Это первая книга, написанная в диалоге с замечательным художником Оскаром Рабиным и на основе бесед с ним. Его многочисленные замечания и пометки были с благодарностью учтены автором. Вместе с тем скрупулезность и въедливость автора, профессионального социолога, позволили ему проверить и уточнить многие факты, прежде повторявшиеся едва ли не всеми, кто писал о Рабине, а также предложить новый анализ ряда сюжетных линий, определявших генезис второй волны русского нонконформистского искусства, многие представители которого оказались в 1970-е—1980-е годы в эмиграции.


Искусство аутсайдеров и авангард

«В течение целого дня я воображал, что сойду с ума, и был даже доволен этой мыслью, потому что тогда у меня было бы все, что я хотел», – восклицает воодушевленный Оскар Шлеммер, один из профессоров легендарного Баухауса, после посещения коллекции искусства психиатрических пациентов в Гейдельберге.
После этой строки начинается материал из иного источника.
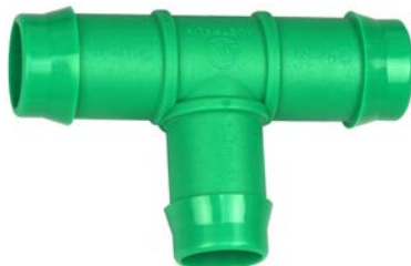
ST Reducing Tee
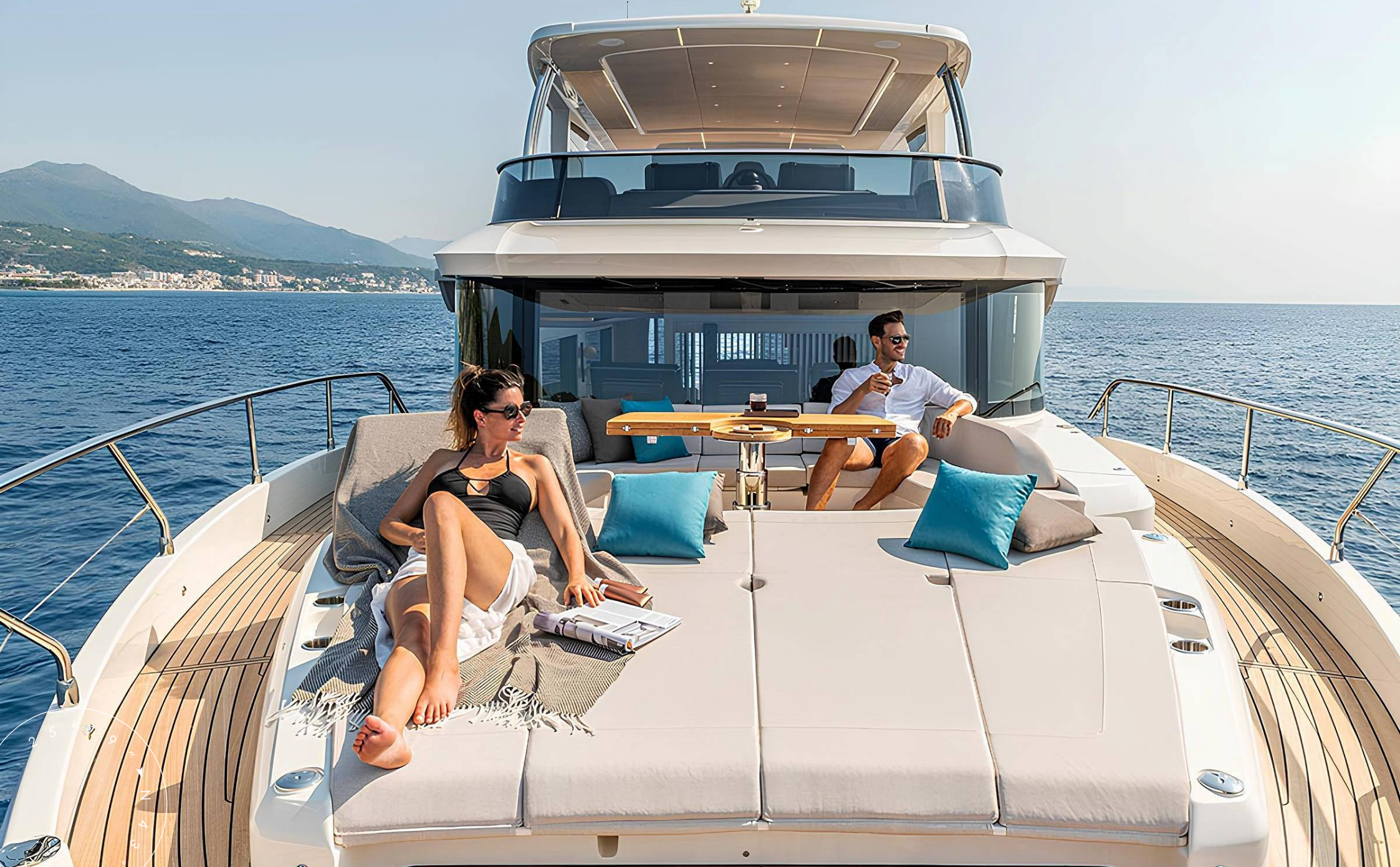
BOW SUNBATHING AREA

В эпоху авангарда маргинальность, аутсайдерство, безумие, странность, алогизм становятся новыми «объектами желания». Кризис канона классической эстетики привел к тому, что новые течения в искусстве стали включать в свой метанарратив не замечаемое ранее творчество аутсайдеров.


Искусство кройки и житья. История искусства в газете, 1994–2019

Что будет, если академический искусствовед в начале 1990‐х годов волей судьбы попадет на фабрику новостей? Собранные в этой книге статьи известного художественного критика и доцента Европейского университета в Санкт-Петербурге Киры Долининой печатались газетой и журналами Издательского дома «Коммерсантъ» с 1993‐го по 2020 год. Казалось бы, рожденные информационными поводами эти тексты должны были исчезать вместе с ними, но по прошествии времени они собрались в своего рода миниучебник по истории искусства, где все великие на месте и о них не только сказано все самое важное, но и простым языком объяснены серьезные искусствоведческие проблемы.